- Standard Number:
OSHA requirements are set by statute, standards and regulations. Our interpretation letters explain these requirements and how they apply to particular circumstances, but they cannot create additional employer obligations. This letter constitutes OSHA's interpretation of the requirements discussed. Note that our enforcement guidance may be affected by changes to OSHA rules. Also, from time to time we update our guidance in response to new information. To keep apprised of such developments, you can consult OSHA's website at https://www.osha.gov.
November 22, 1993
Mr. Mark Hageness
Claims/Loss Prevention Manager
4555 Glacier Lane
North Plymouth, Minnesota 55446
Dear Mr. Hageness:
Thank you for your inquiry of October 13, requesting an interpretation of OSHA's requirements for plumbed emergency eyewash requirements as they apply to faucet-mount emergency.
The OSHA standard 29 CFR 1910.151(c) requires eyewash and shower equipment for emergency use where the eyes or body of and employee may be exposed to injurious materials. For details on emergency eyewash and shower equipment, we reference consensus standard ANSI Z358.1-1990.
Some of the specifications of ANSI Z358.1-1990 are listed as follows: Plumbed emergency eyewash units must be able to deliver not less than 1.5 liters (.4 gallons) of clean water per minute. The water must be readily available to wash both eyes simultaneously and the flushing streams must rise to approximately equal heights. The emergency eyewash units must be designed to provide flushing water velocities which are not injurious to the eyes. The eyewash area must be spacious enough to allow the eyelids to be held open, with both hands at once, while the eyes are in the water streams. The nozzles must be protected to prevent freezing of the flushing water in cold weather and contact with airborne contaminants. Nozzle covers must not require a separate motion by the operator to be removed when activating the emergency eyewash unit. The flow control valve must be designed so the water flow remains on without requiring the use of the operator's hands. The flow valve must be simple to operate and must go "on" in 1 second or less and must be resistant to corrosion from potable water. The flow valve actuator must be large enough to be easily located and easy to operate.

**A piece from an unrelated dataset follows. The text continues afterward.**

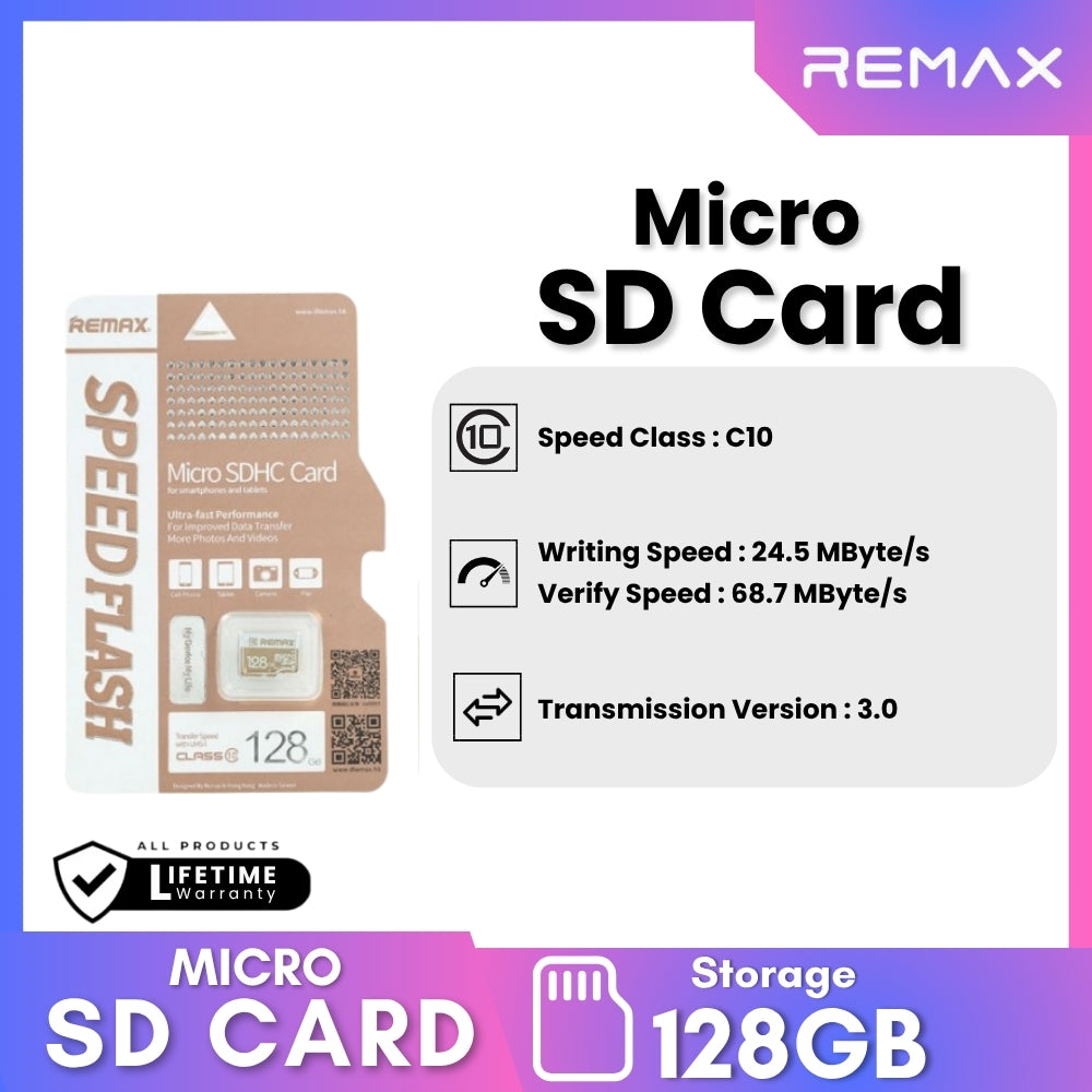 REMAX - Micro SD Card (128GB) Description Manufactured: Taiwan. Speed Class: C10 Transmission version: 3.0 Writing Speed(around):...

We are unable to send you a copy of the ANSI Z358.1-1990, standard because of copyright restrictions. The ANSI address and telephone number are as follows:
American National Standards Institution
New York, New York 10018
Telephone Number (212) 642-4900
In order to be in compliance with 1910.151(c), the faucet-mount emergency eyewash station must meet the above listed specifications. The determination will have to be made on a case by case basis, with the following as critical factors:
1. The flow valve must be simple to operate and must go "on" in 1 second or less and remain "on" during the eyewash procedure.
2. Plumbed emergency eyewash units must be able to deliver not less than 1.5 liters (.4 gallons) of clean water per minute.